1. A big data analysis method is characterized by comprising the following steps:

acquiring big data;

preprocessing the acquired big data;

and displaying the detection result.

2. The big data analysis method according to claim 1, wherein preprocessing the acquired big data comprises:

performing data conversion on the acquired big data;

and performing data cleaning on the converted big data.

3. The big data analysis method of claim 2, wherein the data transformation of the acquired big data comprises:

4. The big data analysis method according to claim 3, wherein preprocessing the acquired big data further comprises:

discretization is performed before data conversion.

5. The big data analysis method according to claim 2, wherein problematic data is cleaned using preset logic rules.
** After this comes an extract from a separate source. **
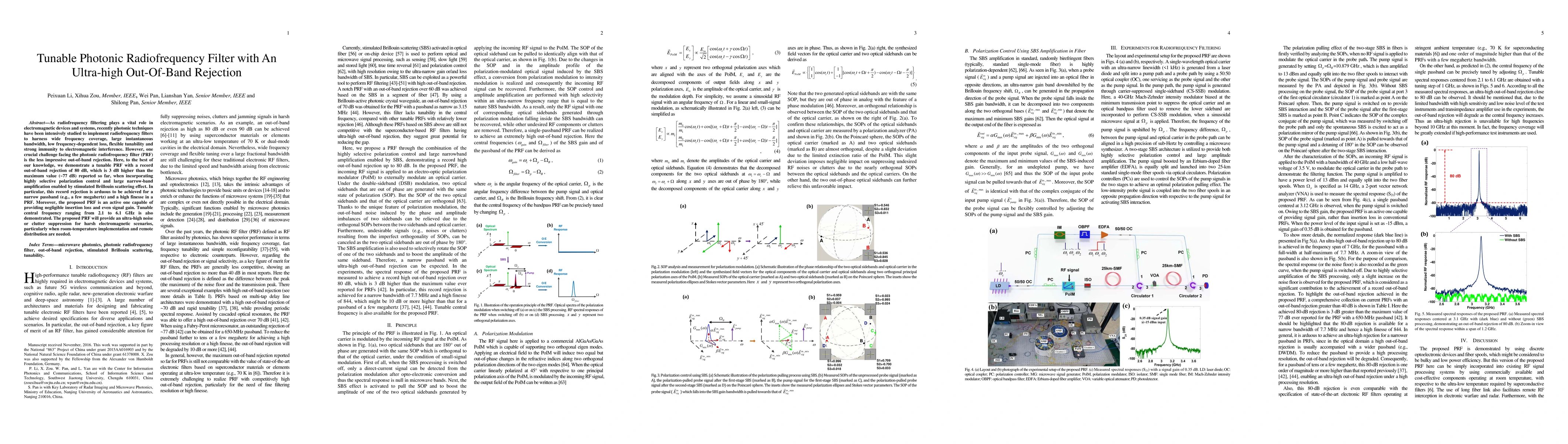 This paper presents a tunable photonic radiofrequency filter (PRF) with an unprecedented out-of-band rejection of 80 dB, achieved through polarization control and stimulated Brillouin scattering, enabling high performance in electromagnetic interference scenarios. The filter also offers tunable central frequency and negligible insertion loss.

6. The big data analysis method of claim 1, wherein machine learning the preprocessed big data comprises:

7. The big data analysis method of claim 1, wherein presenting the detection results comprises:

8. The big data analysis method according to claim 1, further comprising: and carrying out data integrity detection on the acquired big data.

9. The big data analysis method according to claim 8, wherein performing data integrity check on the obtained big data comprises:

updating data consistency requirements.

10. A big data analytics system, comprising:

the acquisition module is used for acquiring big data;

the preprocessing module is used for preprocessing the acquired big data;

and the display module is used for displaying the detection result.